[Source data]
──────

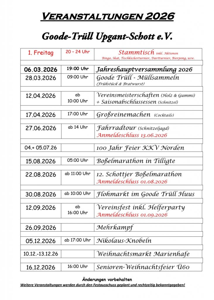 Veröffentlicht am Februar 4, 2026Februar 4, 2026 von Melanie MaasUnser Veranstaltungskalender für 2026!!
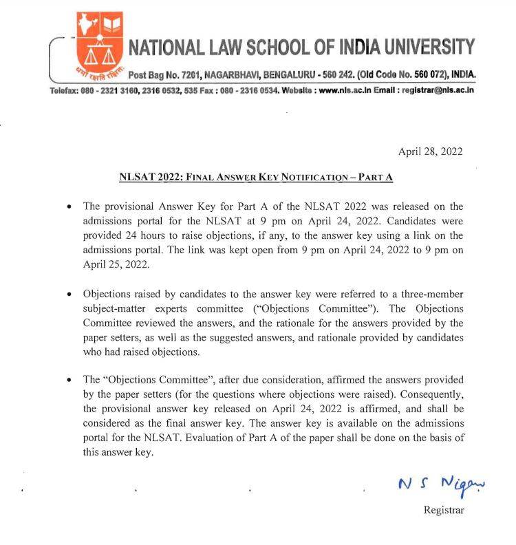 The "Objections Committee", after due consideration, affirmed the answers provided by the paper setters (for the questions where objections were raised). Consequently, the provisional answer key released on April 24, 2022 is affirmed, and shall be considered as the final answer key. The answer key is available on the admissions portal for the NLSA T. Evaluation of Part A of the paper shall be done on the basis of this answer key.”
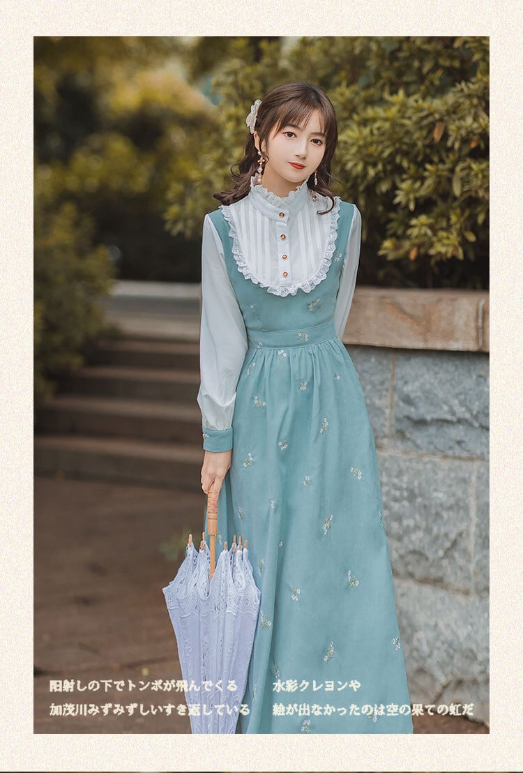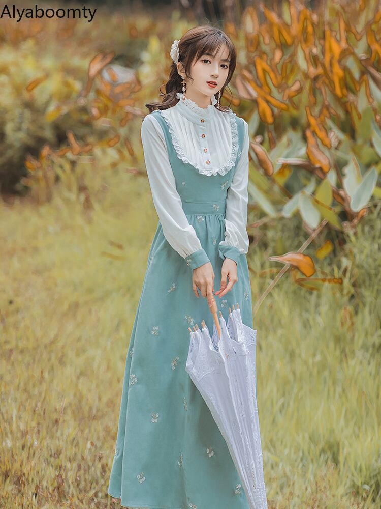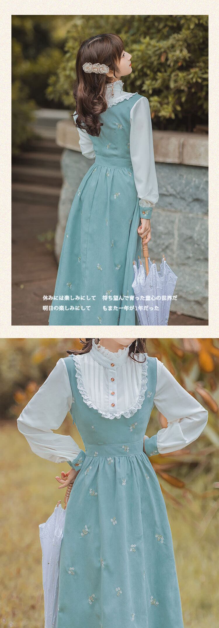 送料無料୨♥୧ スプリングオータムレディースコーデュロイドレス カラーパッチワークレースフリルフローラル刺繍グリーン ラッフル 大人ガーリー スウィート キュート カジュアル 春物 秋物 花柄 AOS7812008546
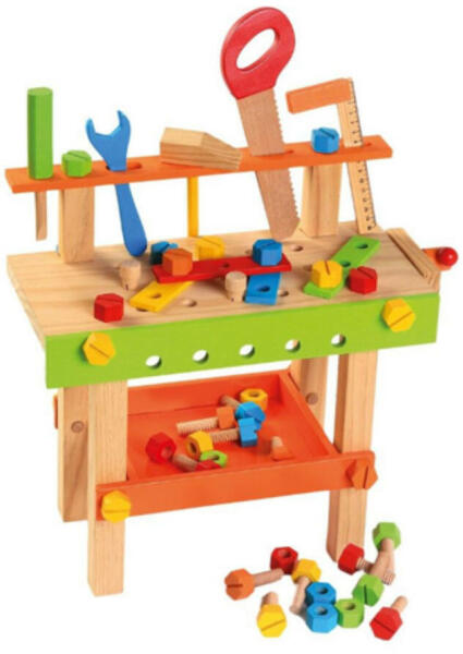Bino world of toys munkapad szerszámokkal, játék gyermekeknek 3 éves kortól (fa játék kiegészítőkkel, elősegíti a kézügyességet és a szem-kéz koordinációt, gyermekjáték 50 darabbal), többszínű A Bino world of toys munkapad szerszámokkal optimális gyermekgondozási kiegészítő és játék 36 hónapos korú gyermekek számára. Amellett, hogy a kis kézművesek jól szór
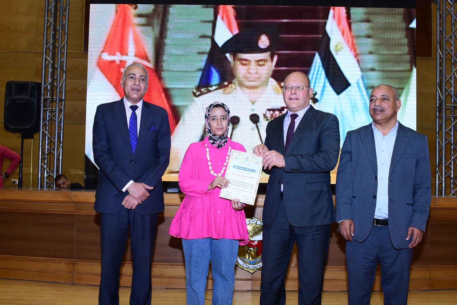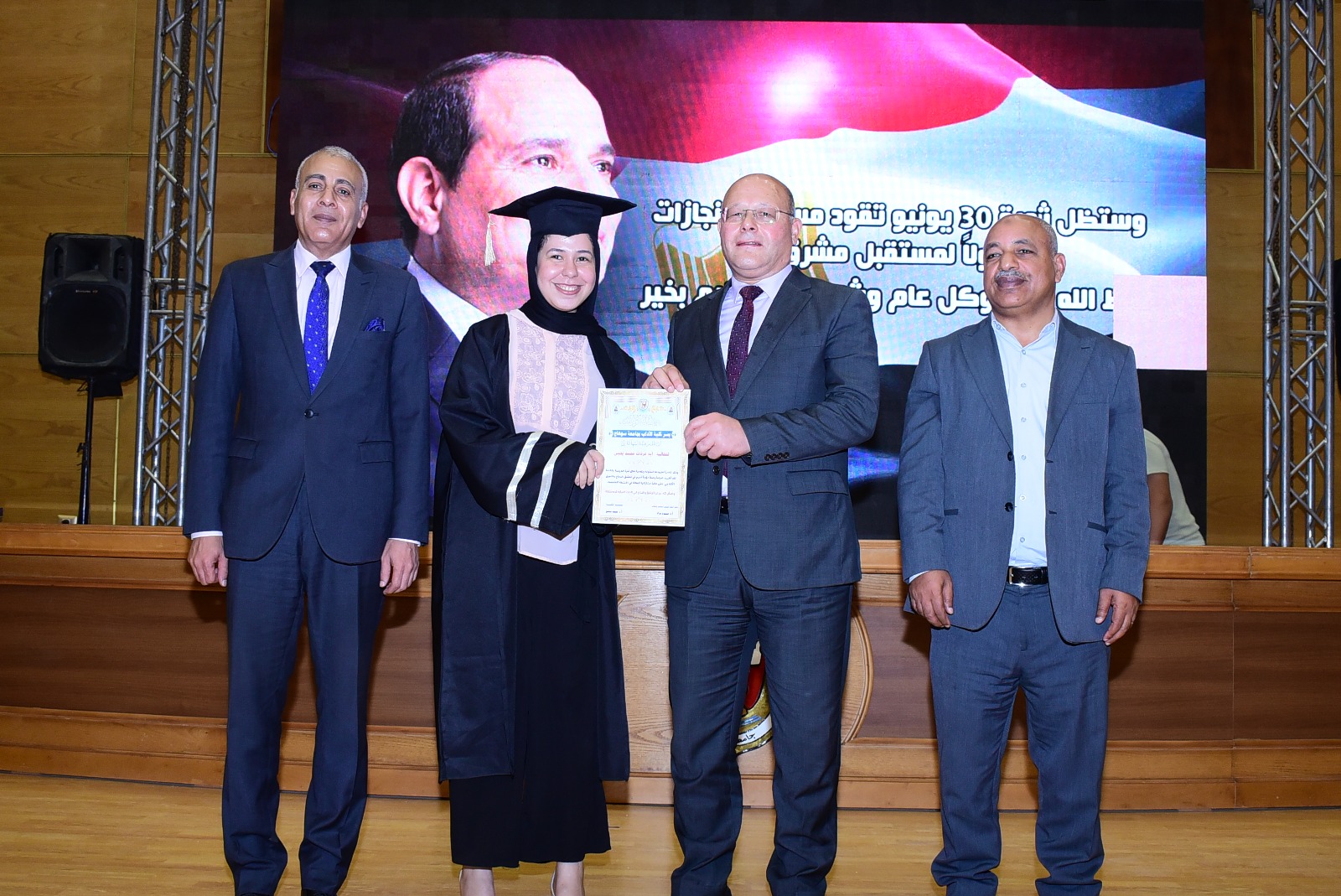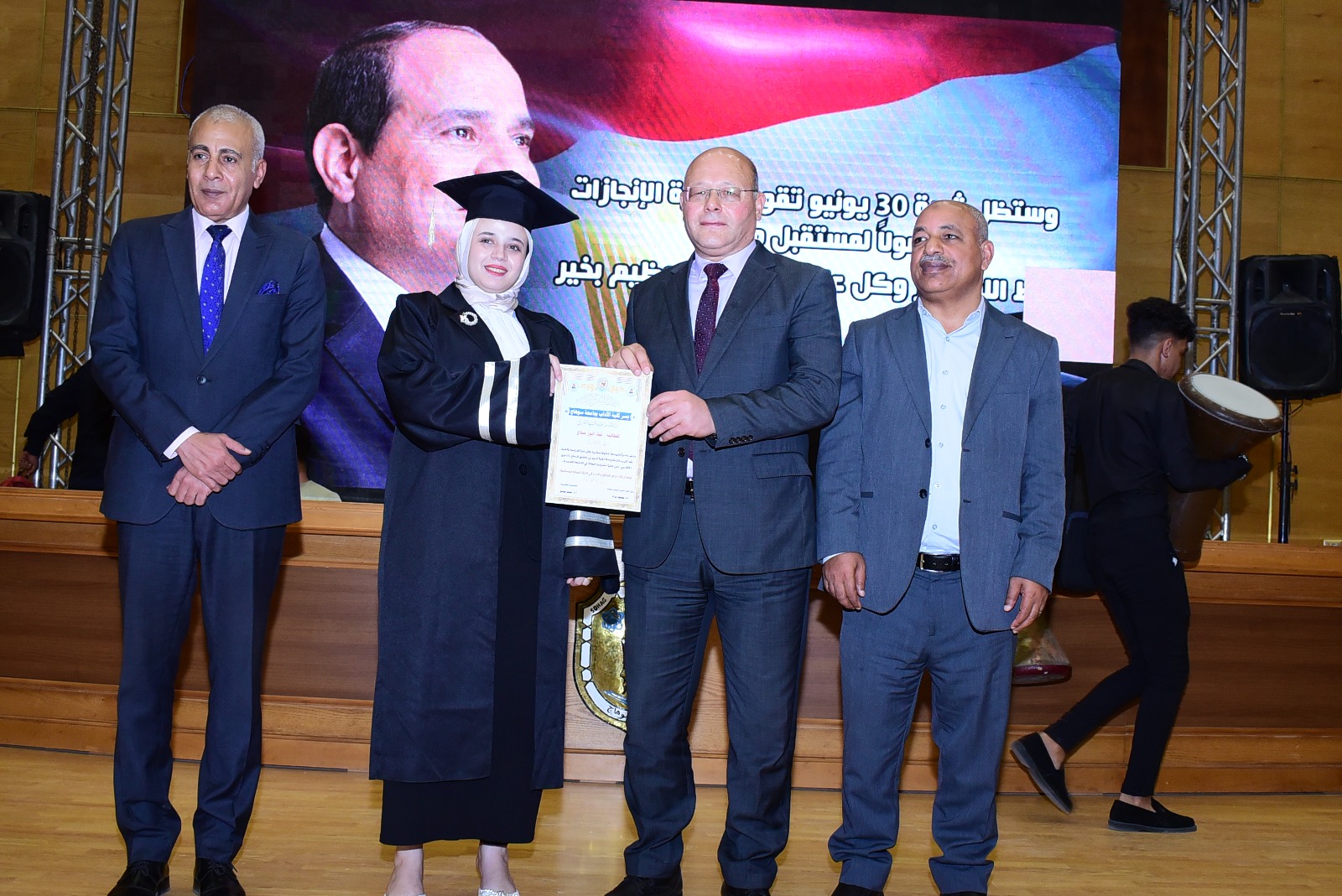 كرم الدكتور حسان النعماني رئيس جامعة سوهاج ٦٥ طالبا وطالبة من طلاب الدفعة رقم ٤٥ بقسم الإعلام بشعبتيه الصحافة والعلاقات العامة بكلية الآداب للعام الجامعي٢٠٢٤/٢٠٢٣، بحضور الدكتور عبدالناصر يس نائب رئيس الجامعة لشئون التعليم والطلاب، الدكتور خالد عمران نائب رئيس الجامعة لشئون خدمة المجتمع وتنمية البيئة، الدكتور محمد توفيق عميد كلية الآداب، المحاسب أشرف القاضي أمين عام الجامعة، الدكتورة سحر وهبي الأستاذ المتفرغ بقسم الإعلام، الدكتورة فاطمة الزهراء صالح رئيس قسم الإعلام ونخبة من أساتذة القسم ومعاونيهم، في احتفالية أقيمت بقاعة قناة السويس بالمركز الدولي للمؤتمرات بالحرم الجامعي الجديد.
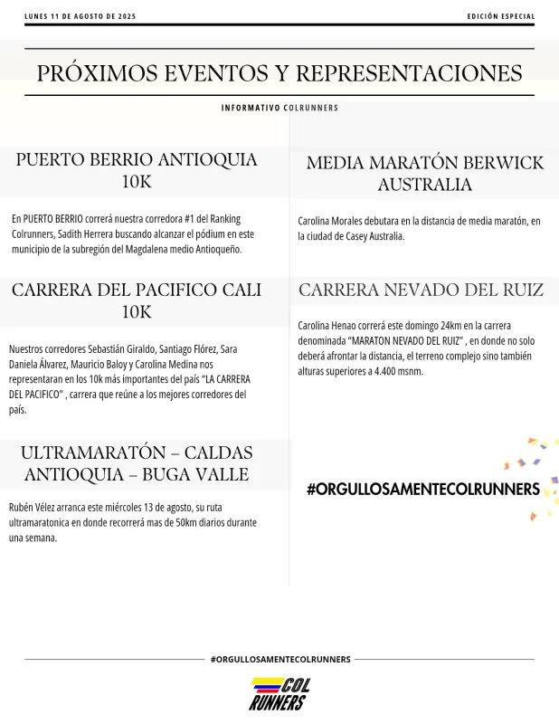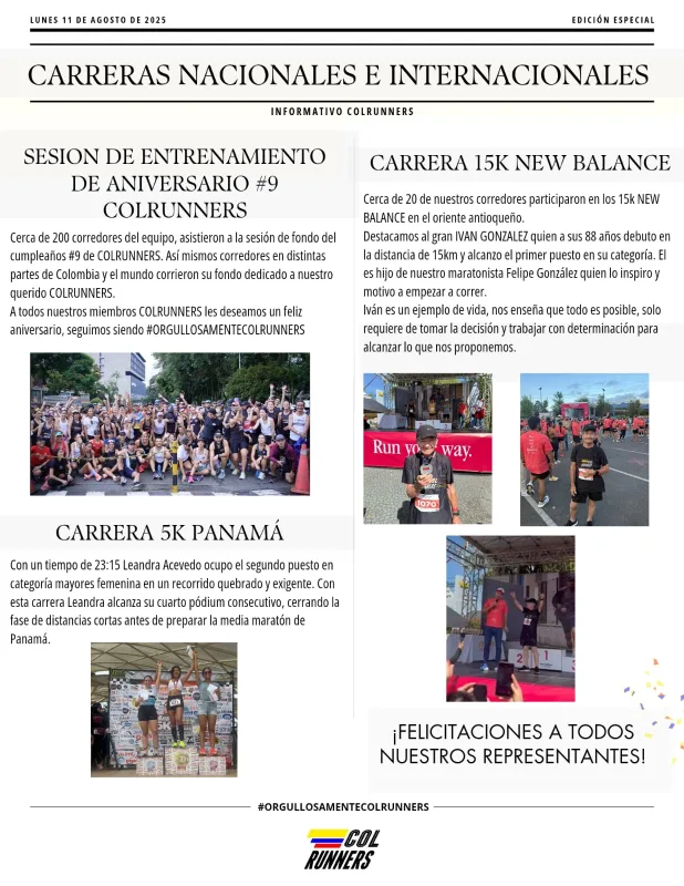 Periódico Colrunners 11 de Agostoadminagosto 11, 2025Blog, Periódico Colrunners Un resumen de lo que ha sucedido en el equipo Colrunners esta última semana.
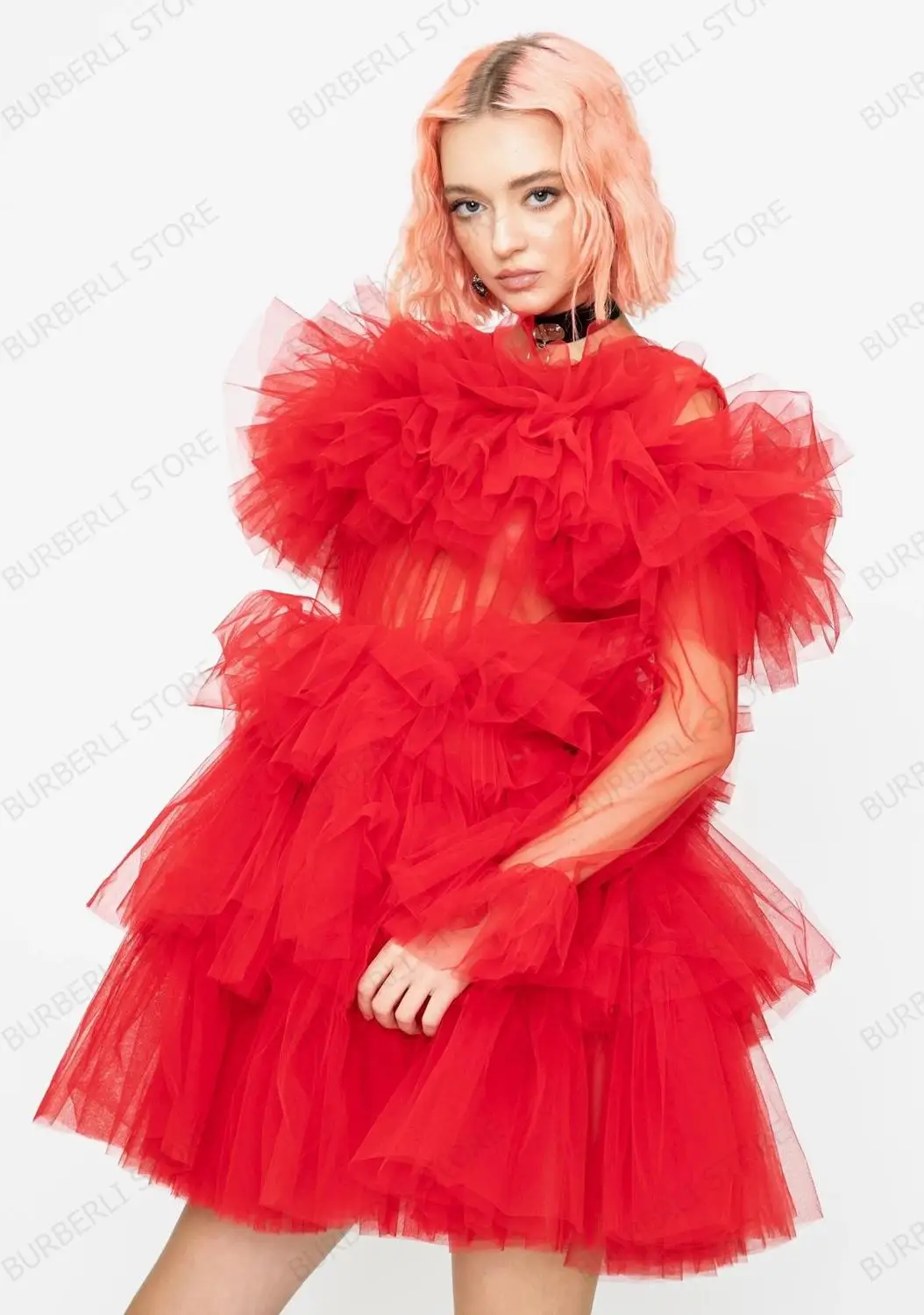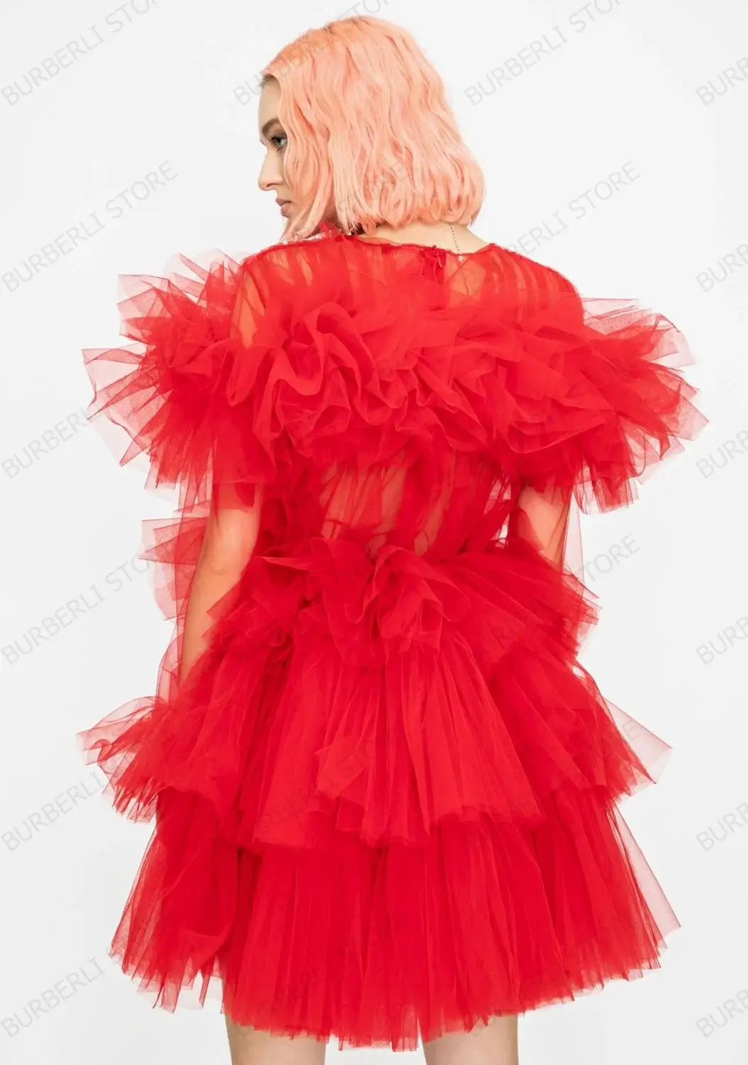 Женское платье с юбкой-пачкой, красное короткое платье из тюля с оборками в несколько рядов, лето 2019

──────

What you have to do -> Every entry above is to be repeated word for word, with all pictures omitted.

Answer for this exercise ->
 Veröffentlicht am Februar 4, 2026Februar 4, 2026 von Melanie MaasUnser Veranstaltungskalender für 2026!!
 The "Objections Committee", after due consideration, affirmed the answers provided by the paper setters (for the questions where objections were raised). Consequently, the provisional answer key released on April 24, 2022 is affirmed, and shall be considered as the final answer key. The answer key is available on the admissions portal for the NLSA T. Evaluation of Part A of the paper shall be done on the basis of this answer key.”
 送料無料୨♥୧ スプリングオータムレディースコーデュロイドレス カラーパッチワークレースフリルフローラル刺繍グリーン ラッフル 大人ガーリー スウィート キュート カジュアル 春物 秋物 花柄 AOS7812008546
Bino world of toys munkapad szerszámokkal, játék gyermekeknek 3 éves kortól (fa játék kiegészítőkkel, elősegíti a kézügyességet és a szem-kéz koordinációt, gyermekjáték 50 darabbal), többszínű A Bino world of toys munkapad szerszámokkal optimális gyermekgondozási kiegészítő és játék 36 hónapos korú gyermekek számára. Amellett, hogy a kis kézművesek jól szór
 كرم الدكتور حسان النعماني رئيس جامعة سوهاج ٦٥ طالبا وطالبة من طلاب الدفعة رقم ٤٥ بقسم الإعلام بشعبتيه الصحافة والعلاقات العامة بكلية الآداب للعام الجامعي٢٠٢٤/٢٠٢٣، بحضور الدكتور عبدالناصر يس نائب رئيس الجامعة لشئون التعليم والطلاب، الدكتور خالد عمران نائب رئيس الجامعة لشئون خدمة المجتمع وتنمية البيئة، الدكتور محمد توفيق عميد كلية الآداب، المحاسب أشرف القاضي أمين عام الجامعة، الدكتورة سحر وهبي الأستاذ المتفرغ بقسم الإعلام، الدكتورة فاطمة الزهراء صالح رئيس قسم الإعلام ونخبة من أساتذة القسم ومعاونيهم، في احتفالية أقيمت بقاعة قناة السويس بالمركز الدولي للمؤتمرات بالحرم الجامعي الجديد.
 Periódico Colrunners 11 de Agostoadminagosto 11, 2025Blog, Periódico Colrunners Un resumen de lo que ha sucedido en el equipo Colrunners esta última semana.
 Женское платье с юбкой-пачкой, красное короткое платье из тюля с оборками в несколько рядов, лето 2019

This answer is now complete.